• _Brief_:
Reproduce the listing below exactly, beginning with its first line and ending with the line that holds "A recess in"; pictures are not part of the copy.

:: Study material ::

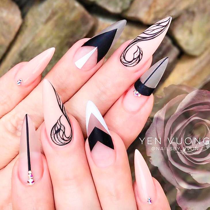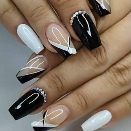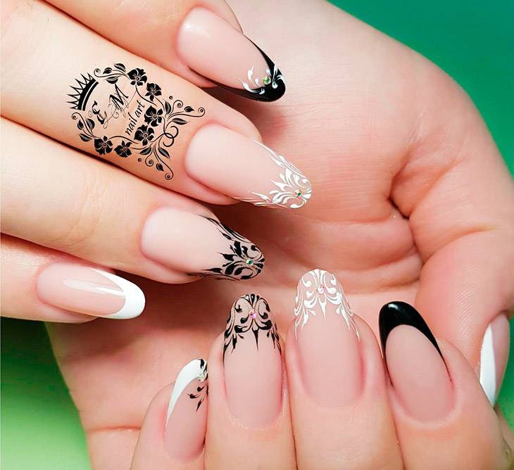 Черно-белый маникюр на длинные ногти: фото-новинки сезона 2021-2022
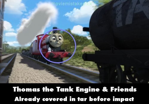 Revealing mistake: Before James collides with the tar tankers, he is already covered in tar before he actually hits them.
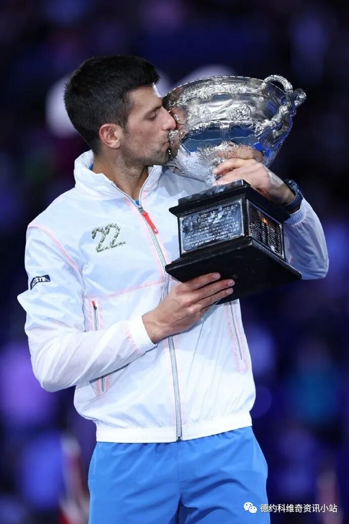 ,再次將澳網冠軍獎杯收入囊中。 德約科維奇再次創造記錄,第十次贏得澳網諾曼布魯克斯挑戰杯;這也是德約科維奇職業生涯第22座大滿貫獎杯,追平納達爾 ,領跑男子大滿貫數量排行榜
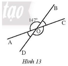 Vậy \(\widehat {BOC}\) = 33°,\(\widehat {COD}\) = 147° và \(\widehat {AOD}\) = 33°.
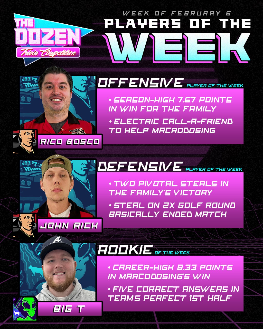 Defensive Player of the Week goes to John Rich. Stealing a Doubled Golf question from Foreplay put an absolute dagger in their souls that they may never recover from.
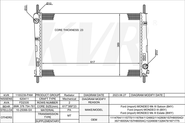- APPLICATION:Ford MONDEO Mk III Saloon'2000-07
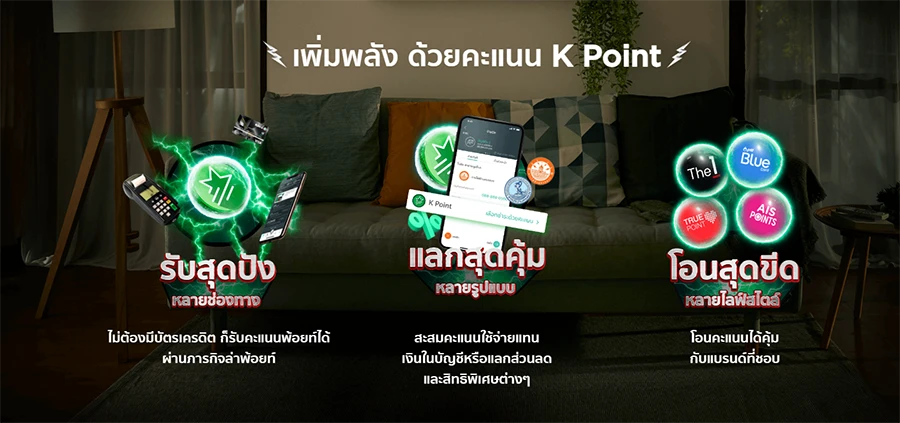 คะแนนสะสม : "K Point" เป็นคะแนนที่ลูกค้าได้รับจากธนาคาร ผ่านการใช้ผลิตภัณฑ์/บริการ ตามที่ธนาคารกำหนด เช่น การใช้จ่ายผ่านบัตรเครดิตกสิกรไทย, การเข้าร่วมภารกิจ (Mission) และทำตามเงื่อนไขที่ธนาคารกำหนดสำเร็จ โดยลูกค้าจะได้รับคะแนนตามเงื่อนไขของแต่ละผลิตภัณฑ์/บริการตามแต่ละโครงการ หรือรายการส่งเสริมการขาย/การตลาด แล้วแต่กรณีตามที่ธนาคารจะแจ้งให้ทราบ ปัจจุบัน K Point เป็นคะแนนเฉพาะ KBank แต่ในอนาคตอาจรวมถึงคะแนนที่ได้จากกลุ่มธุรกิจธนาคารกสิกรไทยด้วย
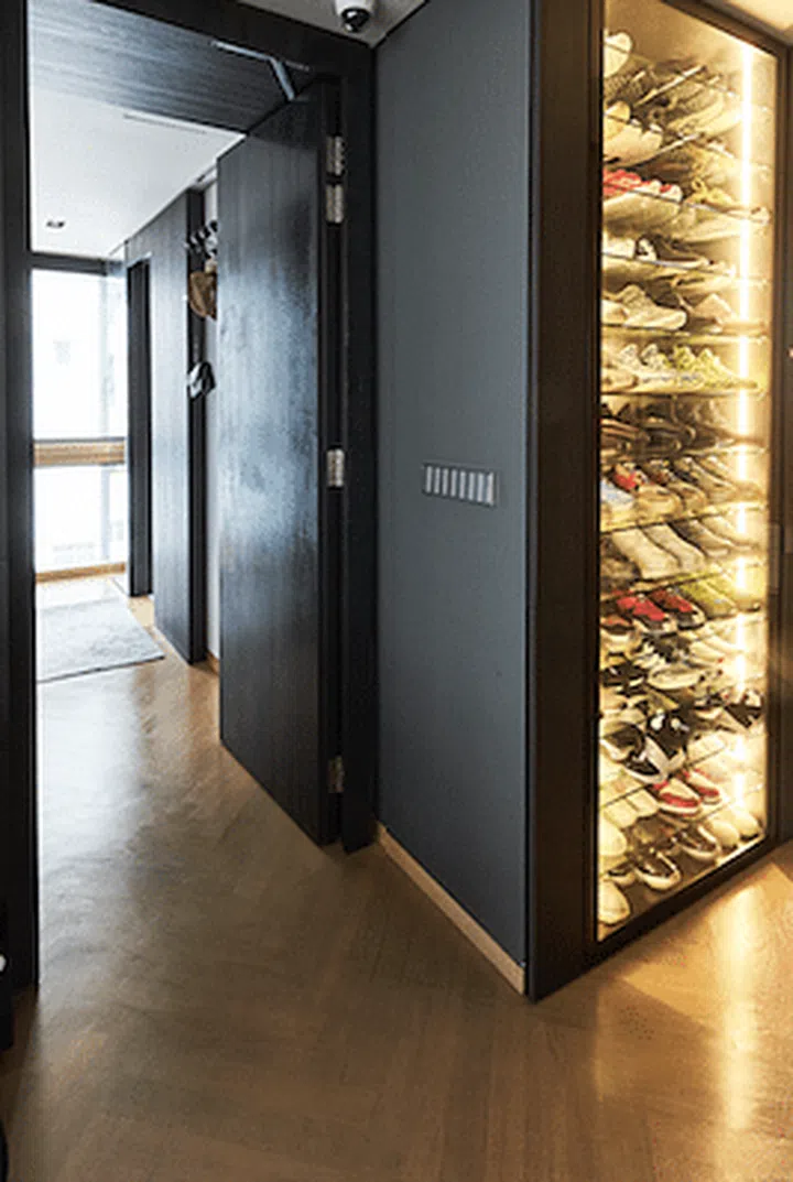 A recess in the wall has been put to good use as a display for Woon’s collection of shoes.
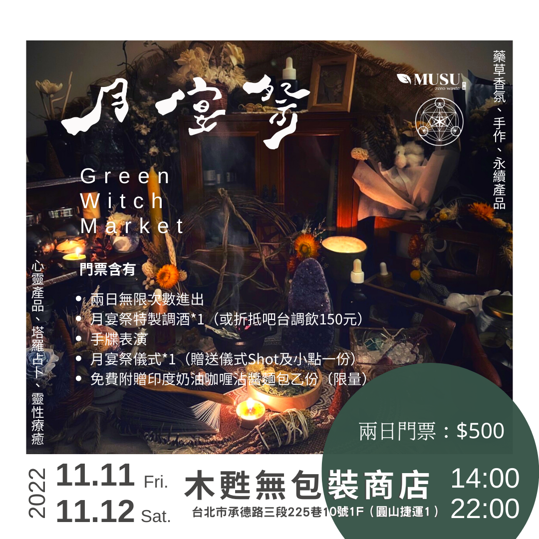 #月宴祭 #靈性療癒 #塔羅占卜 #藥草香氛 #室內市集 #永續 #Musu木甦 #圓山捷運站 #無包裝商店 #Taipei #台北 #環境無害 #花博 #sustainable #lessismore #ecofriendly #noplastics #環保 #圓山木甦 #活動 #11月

:::

• _Task output_:
 Черно-белый маникюр на длинные ногти: фото-новинки сезона 2021-2022
 Revealing mistake: Before James collides with the tar tankers, he is already covered in tar before he actually hits them.
 ,再次將澳網冠軍獎杯收入囊中。 德約科維奇再次創造記錄,第十次贏得澳網諾曼布魯克斯挑戰杯;這也是德約科維奇職業生涯第22座大滿貫獎杯,追平納達爾 ,領跑男子大滿貫數量排行榜
 Vậy \(\widehat {BOC}\) = 33°,\(\widehat {COD}\) = 147° và \(\widehat {AOD}\) = 33°.
 Defensive Player of the Week goes to John Rich. Stealing a Doubled Golf question from Foreplay put an absolute dagger in their souls that they may never recover from.
- APPLICATION:Ford MONDEO Mk III Saloon'2000-07
 คะแนนสะสม : "K Point" เป็นคะแนนที่ลูกค้าได้รับจากธนาคาร ผ่านการใช้ผลิตภัณฑ์/บริการ ตามที่ธนาคารกำหนด เช่น การใช้จ่ายผ่านบัตรเครดิตกสิกรไทย, การเข้าร่วมภารกิจ (Mission) และทำตามเงื่อนไขที่ธนาคารกำหนดสำเร็จ โดยลูกค้าจะได้รับคะแนนตามเงื่อนไขของแต่ละผลิตภัณฑ์/บริการตามแต่ละโครงการ หรือรายการส่งเสริมการขาย/การตลาด แล้วแต่กรณีตามที่ธนาคารจะแจ้งให้ทราบ ปัจจุบัน K Point เป็นคะแนนเฉพาะ KBank แต่ในอนาคตอาจรวมถึงคะแนนที่ได้จากกลุ่มธุรกิจธนาคารกสิกรไทยด้วย
 A recess in the wall has been put to good use as a display for Woon’s collection of shoes.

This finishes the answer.